TASK GOAL:
Please repeat, from the entries that follow, the lines from the one containing "Description: Mixed media" through the one containing "This 4-piece necklace" exactly, adding nothing.

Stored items
▬▬▬

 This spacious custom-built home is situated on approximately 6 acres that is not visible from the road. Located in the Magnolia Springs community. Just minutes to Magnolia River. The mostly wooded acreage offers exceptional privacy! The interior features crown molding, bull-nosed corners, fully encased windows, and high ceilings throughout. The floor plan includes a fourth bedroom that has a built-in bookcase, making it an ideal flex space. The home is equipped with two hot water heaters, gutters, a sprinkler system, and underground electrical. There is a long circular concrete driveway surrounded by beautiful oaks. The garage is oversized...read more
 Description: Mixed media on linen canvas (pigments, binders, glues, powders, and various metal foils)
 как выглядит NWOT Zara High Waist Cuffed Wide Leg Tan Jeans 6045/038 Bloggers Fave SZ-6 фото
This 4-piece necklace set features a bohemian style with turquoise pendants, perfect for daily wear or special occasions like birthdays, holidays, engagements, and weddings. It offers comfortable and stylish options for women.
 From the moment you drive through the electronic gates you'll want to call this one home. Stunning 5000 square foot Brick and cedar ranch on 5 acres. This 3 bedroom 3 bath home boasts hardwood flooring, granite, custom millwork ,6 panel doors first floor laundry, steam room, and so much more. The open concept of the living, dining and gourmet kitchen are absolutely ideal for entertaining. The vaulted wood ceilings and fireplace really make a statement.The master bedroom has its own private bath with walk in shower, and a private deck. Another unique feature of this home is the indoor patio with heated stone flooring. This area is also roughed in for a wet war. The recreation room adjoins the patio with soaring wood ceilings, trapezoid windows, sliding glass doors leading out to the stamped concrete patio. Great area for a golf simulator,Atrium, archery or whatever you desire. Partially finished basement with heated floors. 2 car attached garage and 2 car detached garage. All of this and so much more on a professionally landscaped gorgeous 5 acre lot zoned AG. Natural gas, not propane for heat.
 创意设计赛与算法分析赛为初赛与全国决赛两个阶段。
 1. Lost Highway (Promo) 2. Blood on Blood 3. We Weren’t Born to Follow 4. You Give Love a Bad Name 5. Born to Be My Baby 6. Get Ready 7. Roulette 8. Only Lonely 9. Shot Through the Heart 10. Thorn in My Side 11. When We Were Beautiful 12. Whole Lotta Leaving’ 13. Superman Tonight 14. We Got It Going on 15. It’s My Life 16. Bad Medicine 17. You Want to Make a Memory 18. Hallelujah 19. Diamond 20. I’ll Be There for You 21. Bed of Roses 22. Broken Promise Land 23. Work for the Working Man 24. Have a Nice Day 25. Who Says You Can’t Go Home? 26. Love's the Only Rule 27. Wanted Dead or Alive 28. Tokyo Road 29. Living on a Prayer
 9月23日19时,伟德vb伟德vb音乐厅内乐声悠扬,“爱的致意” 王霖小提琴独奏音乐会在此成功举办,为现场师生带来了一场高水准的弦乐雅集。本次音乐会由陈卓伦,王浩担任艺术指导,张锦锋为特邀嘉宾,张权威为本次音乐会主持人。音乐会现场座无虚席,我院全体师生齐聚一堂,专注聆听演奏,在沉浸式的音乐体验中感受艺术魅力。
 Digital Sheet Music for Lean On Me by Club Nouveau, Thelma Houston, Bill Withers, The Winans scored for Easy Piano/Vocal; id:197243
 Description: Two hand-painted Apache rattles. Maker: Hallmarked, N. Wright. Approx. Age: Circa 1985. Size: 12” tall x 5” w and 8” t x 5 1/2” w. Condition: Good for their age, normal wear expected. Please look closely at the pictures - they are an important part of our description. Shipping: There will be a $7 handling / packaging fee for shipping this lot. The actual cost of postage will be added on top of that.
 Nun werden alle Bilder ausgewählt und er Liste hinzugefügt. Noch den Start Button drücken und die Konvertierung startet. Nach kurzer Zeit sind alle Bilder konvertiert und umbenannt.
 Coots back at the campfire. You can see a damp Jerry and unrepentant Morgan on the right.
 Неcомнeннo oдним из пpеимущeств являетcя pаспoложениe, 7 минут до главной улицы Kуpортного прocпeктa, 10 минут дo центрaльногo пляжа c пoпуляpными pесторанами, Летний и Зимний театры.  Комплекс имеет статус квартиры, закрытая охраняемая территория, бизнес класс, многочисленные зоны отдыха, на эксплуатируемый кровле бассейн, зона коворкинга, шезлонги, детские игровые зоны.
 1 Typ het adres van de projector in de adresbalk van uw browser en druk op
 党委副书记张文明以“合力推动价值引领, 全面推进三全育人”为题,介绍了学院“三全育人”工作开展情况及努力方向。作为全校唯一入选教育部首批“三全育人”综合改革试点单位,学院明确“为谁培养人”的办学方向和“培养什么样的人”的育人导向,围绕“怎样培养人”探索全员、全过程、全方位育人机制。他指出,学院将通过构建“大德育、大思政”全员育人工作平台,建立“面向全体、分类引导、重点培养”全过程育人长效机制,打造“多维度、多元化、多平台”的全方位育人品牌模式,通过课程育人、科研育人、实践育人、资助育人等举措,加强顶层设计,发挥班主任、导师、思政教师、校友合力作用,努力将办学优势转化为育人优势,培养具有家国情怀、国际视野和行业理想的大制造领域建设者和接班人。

▬▬▬

RESULT OF THIS TASK:
 Description: Mixed media on linen canvas (pigments, binders, glues, powders, and various metal foils)
 как выглядит NWOT Zara High Waist Cuffed Wide Leg Tan Jeans 6045/038 Bloggers Fave SZ-6 фото
This 4-piece necklace set features a bohemian style with turquoise pendants, perfect for daily wear or special occasions like birthdays, holidays, engagements, and weddings. It offers comfortable and stylish options for women.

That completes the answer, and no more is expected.